Voices of Alaska: The Medicaid mousetrap

  • By Lance Roberts
  • Sunday, May 3, 2015 5:46pm
  • Opinion

The legislature has just been called back by the Governor for a special session, with two of the topics being Medicaid Expansion and the Budget. The legislature is being bombarded by requests for more money and to expand the Medicaid system. The State is currently looking at an approximately four billion dollar deficit, a number that is understandably hard to get your head around. In essence, we’ll be completely out of money before 2020, excepting the Permanent Fund. Yes, it’s that bad, but yet there are many voices out there crying for the legislature to spend what little we have now and not make the hard decisions. A good example of a bad program that needs drastic reform is Medicaid.

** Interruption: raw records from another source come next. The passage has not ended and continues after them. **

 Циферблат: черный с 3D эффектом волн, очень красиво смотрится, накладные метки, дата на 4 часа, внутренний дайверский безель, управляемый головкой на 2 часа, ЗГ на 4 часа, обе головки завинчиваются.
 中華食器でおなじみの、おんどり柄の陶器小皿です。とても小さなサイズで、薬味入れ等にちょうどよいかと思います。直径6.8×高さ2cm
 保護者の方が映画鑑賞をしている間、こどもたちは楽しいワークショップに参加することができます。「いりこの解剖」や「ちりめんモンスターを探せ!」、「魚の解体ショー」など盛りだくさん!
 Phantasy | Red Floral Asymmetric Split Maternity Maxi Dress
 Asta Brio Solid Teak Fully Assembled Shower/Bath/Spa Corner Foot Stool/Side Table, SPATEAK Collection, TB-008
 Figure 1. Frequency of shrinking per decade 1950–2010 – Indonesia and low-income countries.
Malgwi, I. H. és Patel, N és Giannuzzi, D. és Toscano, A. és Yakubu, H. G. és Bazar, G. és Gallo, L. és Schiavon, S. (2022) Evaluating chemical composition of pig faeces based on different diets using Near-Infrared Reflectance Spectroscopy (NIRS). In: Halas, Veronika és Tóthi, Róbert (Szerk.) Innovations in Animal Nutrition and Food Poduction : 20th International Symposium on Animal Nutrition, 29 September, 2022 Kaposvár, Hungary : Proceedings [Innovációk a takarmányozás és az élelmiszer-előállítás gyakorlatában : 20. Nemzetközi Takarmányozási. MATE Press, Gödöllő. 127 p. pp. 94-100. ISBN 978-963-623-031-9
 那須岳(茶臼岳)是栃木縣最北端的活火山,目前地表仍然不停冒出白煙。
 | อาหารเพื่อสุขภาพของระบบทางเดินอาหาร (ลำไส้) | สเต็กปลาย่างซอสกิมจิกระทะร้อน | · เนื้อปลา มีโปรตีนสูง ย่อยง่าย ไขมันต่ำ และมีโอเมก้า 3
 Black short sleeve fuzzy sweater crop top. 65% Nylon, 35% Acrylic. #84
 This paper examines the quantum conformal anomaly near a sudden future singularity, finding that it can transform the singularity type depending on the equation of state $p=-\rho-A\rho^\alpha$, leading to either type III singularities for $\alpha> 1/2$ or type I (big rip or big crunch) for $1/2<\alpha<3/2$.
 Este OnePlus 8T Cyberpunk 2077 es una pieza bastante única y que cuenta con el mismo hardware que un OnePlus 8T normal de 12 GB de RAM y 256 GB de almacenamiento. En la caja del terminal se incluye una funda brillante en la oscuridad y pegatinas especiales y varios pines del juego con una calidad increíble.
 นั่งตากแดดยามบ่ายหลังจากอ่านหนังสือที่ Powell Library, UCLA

Currently in Alaska we spend $1.6 billion per year on Medicaid. It has grown 149 percent in the last 10 years, and will eventually overwhelm the entire budget including education. Expansion will add around 40,000 people to those rolls and by 2022 is estimated to be costing the state around $36 million, with a total cost up to then of around $109 million. Medicaid is admitted even by its proponents, like the Governor, to be a broken system; in fact, its level of brokenness is like a helicopter crashing in some new action movie where the blade goes off spinning and destroying all in its path. No exaggeration, it is on course to destroy the Alaskan State budget, wiping out the PFD and bringing in unnecessary taxation.

From a philosophical viewpoint, expansion’s design dis-incentivizes the young adults under thirty that would be the main recipients of it from pushing themselves to find better jobs or build businesses that would allow them a higher level of health care. Actually, it’s not just philosophical, based on last year’s election results. In 2014, Alaskans voted to not just raise minimum wage, but to unsustainably raise it every single year. Currently those on minimum wage will be eligible for Medicaid, but in 2017 those working full-time for minimum wage will exceed the eligible income for Medicaid. The choice then will be keep Medicaid or keep a full-time job. This is a huge problem that exists for these types of entitlement programs, that anyone who tries to better themselves financially loses the benefits, thereby offsetting the benefits of working. Why in the world would we want to expand a system to young single adults that encourages them not to work or improve their situation?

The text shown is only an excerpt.